WHAT THE EXERCISE ASKS:
Transcribe all of the entries below exactly. Leave out the pictures.

[Records drawn from a dataset]

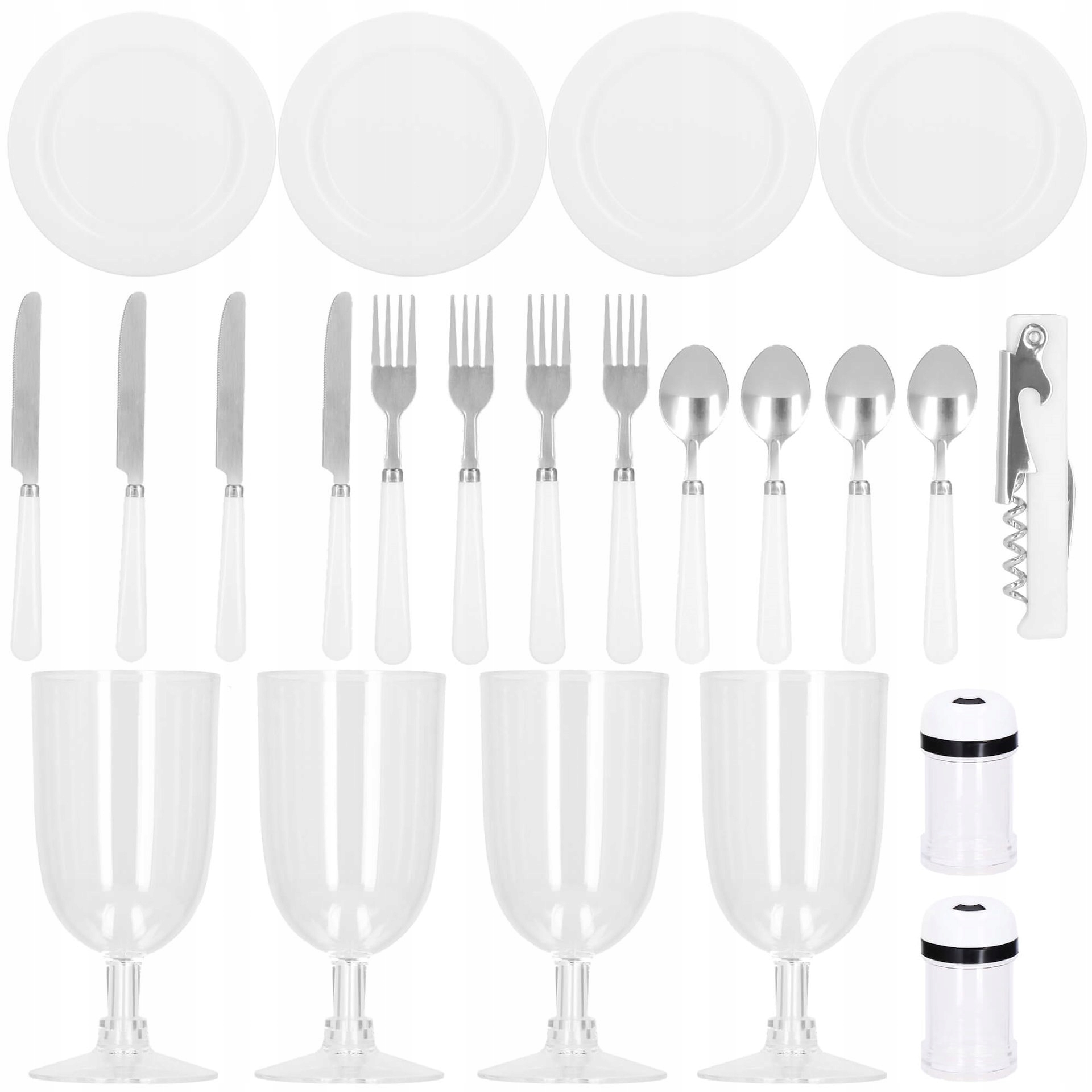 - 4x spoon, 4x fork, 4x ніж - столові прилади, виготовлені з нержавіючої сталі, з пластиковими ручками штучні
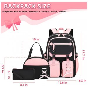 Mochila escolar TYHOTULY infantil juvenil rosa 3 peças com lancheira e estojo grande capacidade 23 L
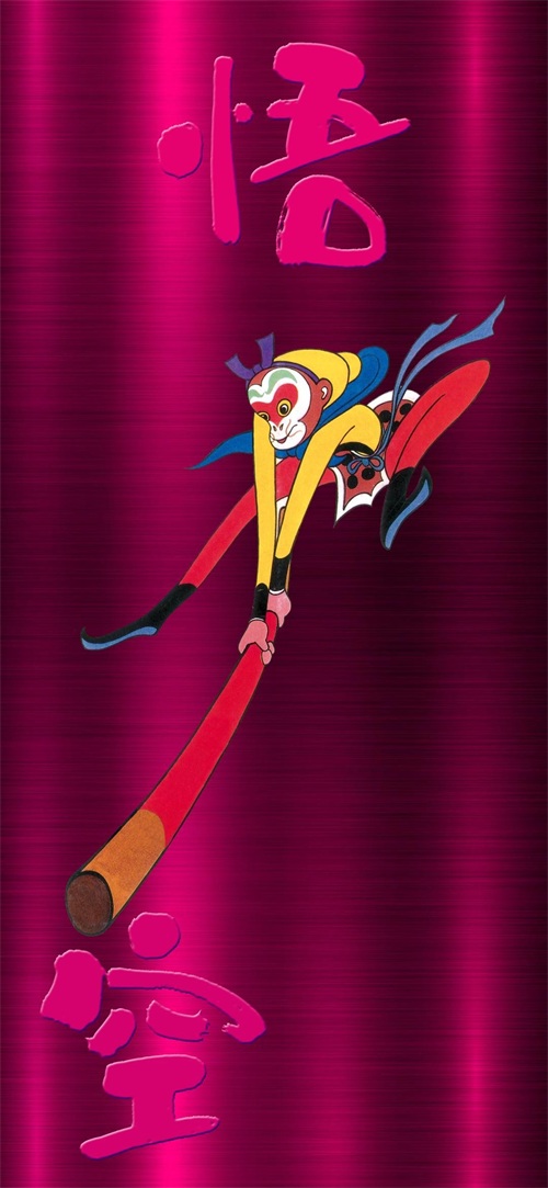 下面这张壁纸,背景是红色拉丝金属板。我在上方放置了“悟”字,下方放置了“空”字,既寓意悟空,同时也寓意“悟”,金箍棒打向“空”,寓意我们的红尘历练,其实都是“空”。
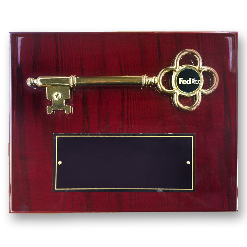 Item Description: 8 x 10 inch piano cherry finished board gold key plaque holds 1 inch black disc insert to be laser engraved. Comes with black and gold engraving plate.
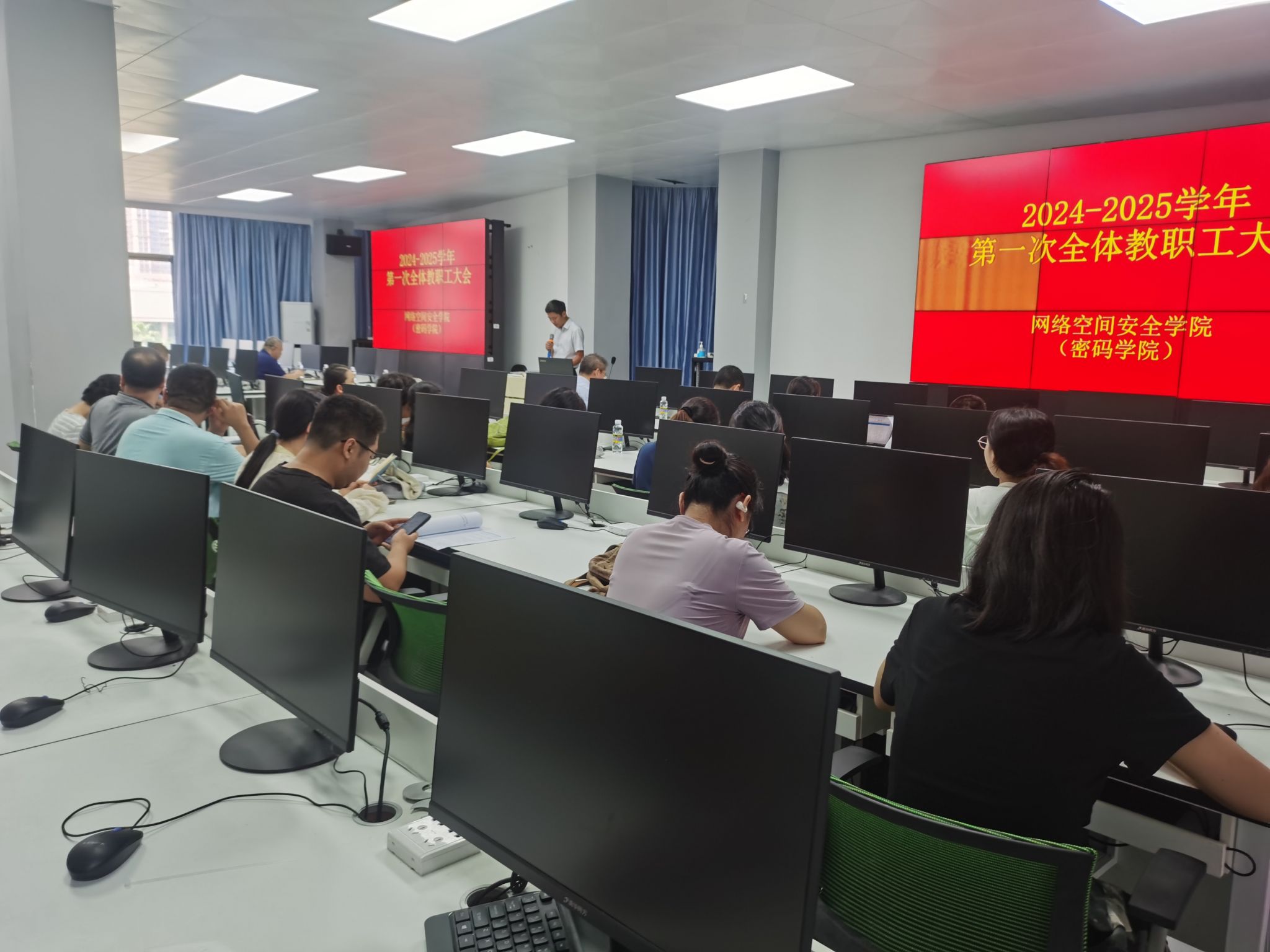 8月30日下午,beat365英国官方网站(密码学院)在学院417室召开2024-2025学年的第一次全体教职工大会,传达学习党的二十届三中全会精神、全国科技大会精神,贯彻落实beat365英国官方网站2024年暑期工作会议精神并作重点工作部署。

ANSWER SECTION:
 - 4x spoon, 4x fork, 4x ніж - столові прилади, виготовлені з нержавіючої сталі, з пластиковими ручками штучні
 Mochila escolar TYHOTULY infantil juvenil rosa 3 peças com lancheira e estojo grande capacidade 23 L
 下面这张壁纸,背景是红色拉丝金属板。我在上方放置了“悟”字,下方放置了“空”字,既寓意悟空,同时也寓意“悟”,金箍棒打向“空”,寓意我们的红尘历练,其实都是“空”。
 Item Description: 8 x 10 inch piano cherry finished board gold key plaque holds 1 inch black disc insert to be laser engraved. Comes with black and gold engraving plate.
 8月30日下午,beat365英国官方网站(密码学院)在学院417室召开2024-2025学年的第一次全体教职工大会,传达学习党的二十届三中全会精神、全国科技大会精神,贯彻落实beat365英国官方网站2024年暑期工作会议精神并作重点工作部署。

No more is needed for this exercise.